退色した写真は、まず高解像度でスキャンし、色より先にコントラストを整えます。元スキャンは必ず残し、AI修復はコピーに対して行います。
要点:600DPI以上でスキャンし、露出と階調を整え、色かぶりを少しずつ補正してから傷や顔の修復を行います。
目次
すぐ分かる:退色写真の基本手順
退色した写真は、強いフィルターをかける前に階調を戻す必要があります。早い段階でシャープ化や彩度を強めると、AIが存在しない質感や顔の細部を作ってしまうことがあります。

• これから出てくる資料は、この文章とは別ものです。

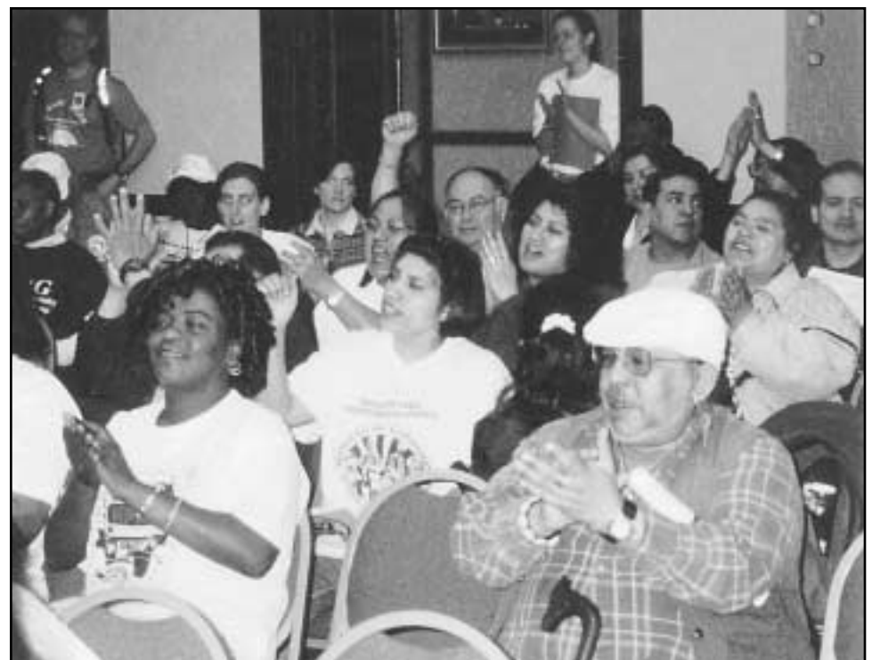
Brighton Park Neighborhood Council members cheer during a speech at this years National People's Action Conference in Washington D.C.

基本の順番は、ガラスを清掃し、600DPI以上でスキャンし、元データを保存し、作業コピーでコントラスト、色かぶり、傷、顔の細部を順に確認することです。
| 問題 | 先に行う補正 | 避けたいこと |
|---|---|---|
| 低コントラスト | 黒点・白点・中間調を調整 | 洗いざらしのまま強くシャープ化 |
| 黄ばんだ紙 | 紙の質感を残して色を抑える | 白を完全な純白にする |
| 赤や緑の色かぶり | チャンネルを少しずつ調整 | 彩度だけを一気に上げる |
退色写真は一発補正より順番が重要です。
編集前に退色したプリントをスキャンする
退色したプリントは元の情報が弱いため、圧縮されたスマホ写真ではさらに情報が失われます。通常の家族写真は600DPI、小さな証明写真やトリミング予定の写真は1200DPIを目安にします。
編集前に保存するもの:
- 未編集のTIFFまたはPNGマスターファイル。
- AI修復や手動編集に使う作業コピー。
- 共有用の軽いJPEGまたはWebP。
- 人物、日付、場所、服の色など家族が覚えている情報。
アルバムに貼られている写真は、反射を避けて真上から撮影します。光は柔らかく、写真とカメラを平行に保つことが大切です。
退色の種類に合わせて補正を選ぶ
白黒写真が平坦になっている場合は、まずコントラストとほこり除去が中心です。古いカラー写真では赤、緑、青のバランスが崩れていることがあります。黄ばんだアルバム写真では、紙の色を消しすぎないことが大切です。
| 退色タイプ | 見え方 | 適した修復 |
|---|---|---|
| 白黒の低コントラスト | 影が灰色で顔が弱い | レベル補正やカーブを先に行う |
| 色かぶり | 全体が赤、緑、紫に寄る | 肌色を見ながらチャンネル調整 |
| 紙の黄ばみ | 余白や明部が茶色い | 質感を残してコピー側で補正 |
彩度だけを上げても自然な復元にはなりにくいです。
AI修復と手動編集の使い分け
写真全体が均一に退色していて、人物や背景がまだ読める場合、AI修復は短時間で効果を出せます。軽い傷、弱いコントラスト、顔のぼやけをまとめて改善できるからです。
一方で、片側だけ日焼けしている写真、手書きメモがある写真、色の記憶を慎重に扱いたい写真は、カーブ、レベル、色バランス、修復ブラシなど手動調整を先に使う方が安全です。
AIを先に使いやすい場合:
- 退色が全体に均一。
- 家族共有用のコピーを早く作りたい。
- 主な問題が軽い傷と低コントラスト。
- 元スキャンと必ず比較できる。
退色写真修復の手順
- マスターファイルではなくコピーを開く。
- 日付や余白を保存してからトリミングする。
- 黒点と白点を控えめに調整する。
- 顔が見えるよう中間調を整える。
- 彩度より先に色かぶりを補正する。
- 階調が戻ってから傷やほこりを直す。
- 顔修復は弱めに使い、目や口を確認する。
- 共有用と印刷用を書き出す。
修復後の人物が別人のように見える場合は、強度を下げて前の段階に戻してください。
編集と保存の参考資料
AdobeやCorelは、古い写真の色補正、修復ブラシ、階調調整などを解説しています。公的なデジタル化資料では、編集前にマスターを保存することが重視されています。
参考リンク:
よくある質問
色を戻しても記憶は変えない
退色写真の修復は控えめさが大切です。人物、服、背景が読み取れる程度に戻し、将来のために元スキャンを保存します。